*What the exercise asks*
Your output should be the lines from the one containing "Men's Dress Shoes" through the end of the listing, exact and inclusive, with no pictures.

*Data*

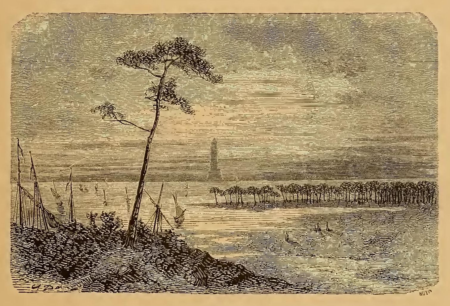 At the left of the village, a footpath winds to the summit of a wasted bank, among billows of standing grasses. The river is so broad that the other shore is not distinguishable. The sea, its neighbor, imparts its refluence; its long undulations come one after another against the coast, and pour their little cascades of foam upon the sand; then the water retires, running down the slope until it meets a new wave coming up which covers it; these billows are never wearied, and their come and go remind one of the regular [010]breathing of a slumbering child. For night has fallen, the tints of purple grow brown and fade away. The river goes to rest in the soft, vague shadow; scarcely, at long intervals, a remnant glimmer is reflected from a slanting wave; obscurity drowns everything in its vapory dust; the drowsy eye vainly searches in this mist some visible point, and distinguishes at last, like a dim star, the lighthouse of Cordouan.
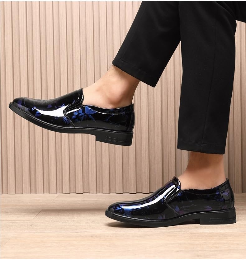 Men's Dress Shoes Slip On Round Toe Size 38-47 Patent Leather Floral Oxford Shoes Anti-Slip Low Top Wedding/Interview/Commute 5
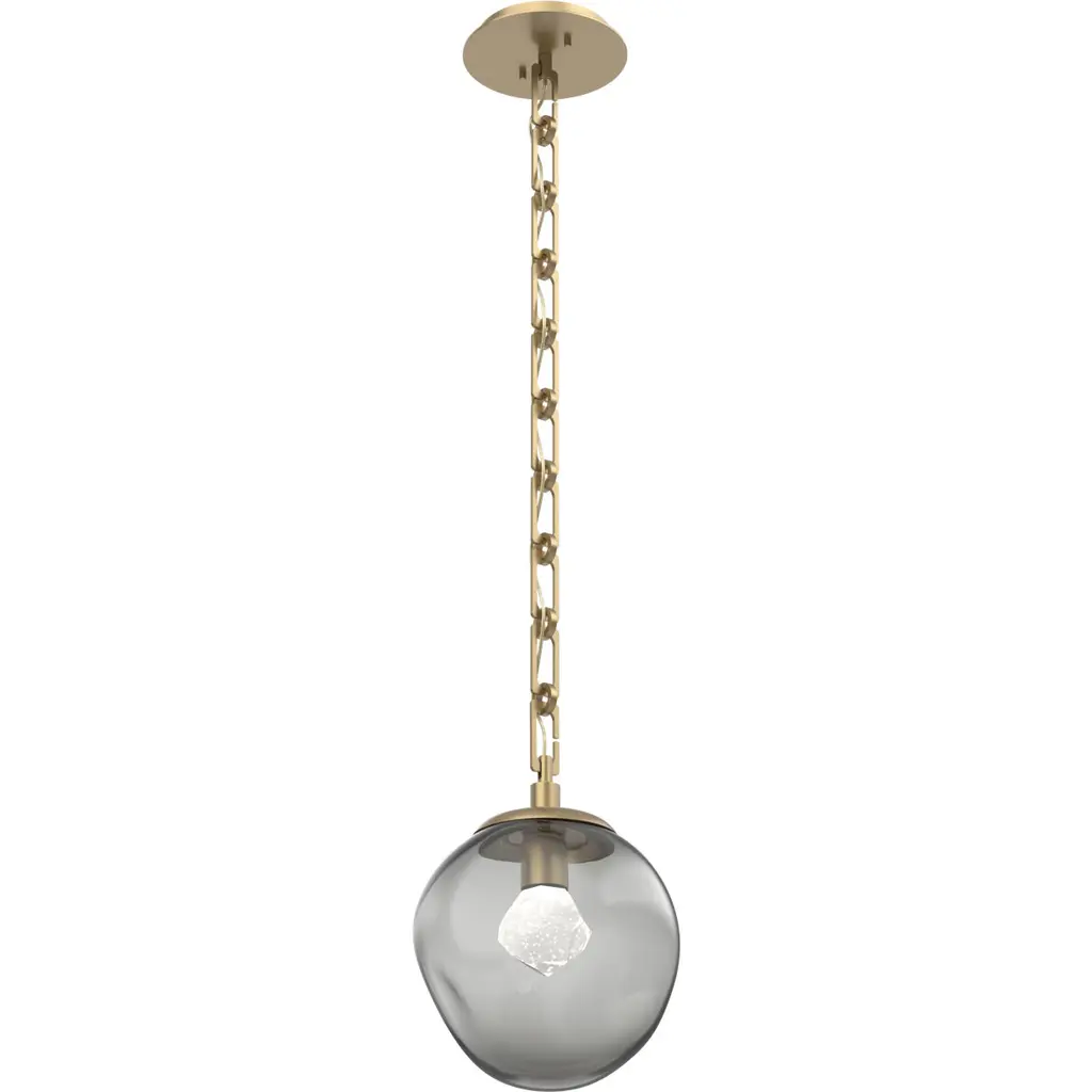 Gem Led 7.8 Inch Gilded Brass Pendant Ceiling Light In 3000k Led, Smoke, Rectangular Chain

*Task response*
 Men's Dress Shoes Slip On Round Toe Size 38-47 Patent Leather Floral Oxford Shoes Anti-Slip Low Top Wedding/Interview/Commute 5
 Gem Led 7.8 Inch Gilded Brass Pendant Ceiling Light In 3000k Led, Smoke, Rectangular Chain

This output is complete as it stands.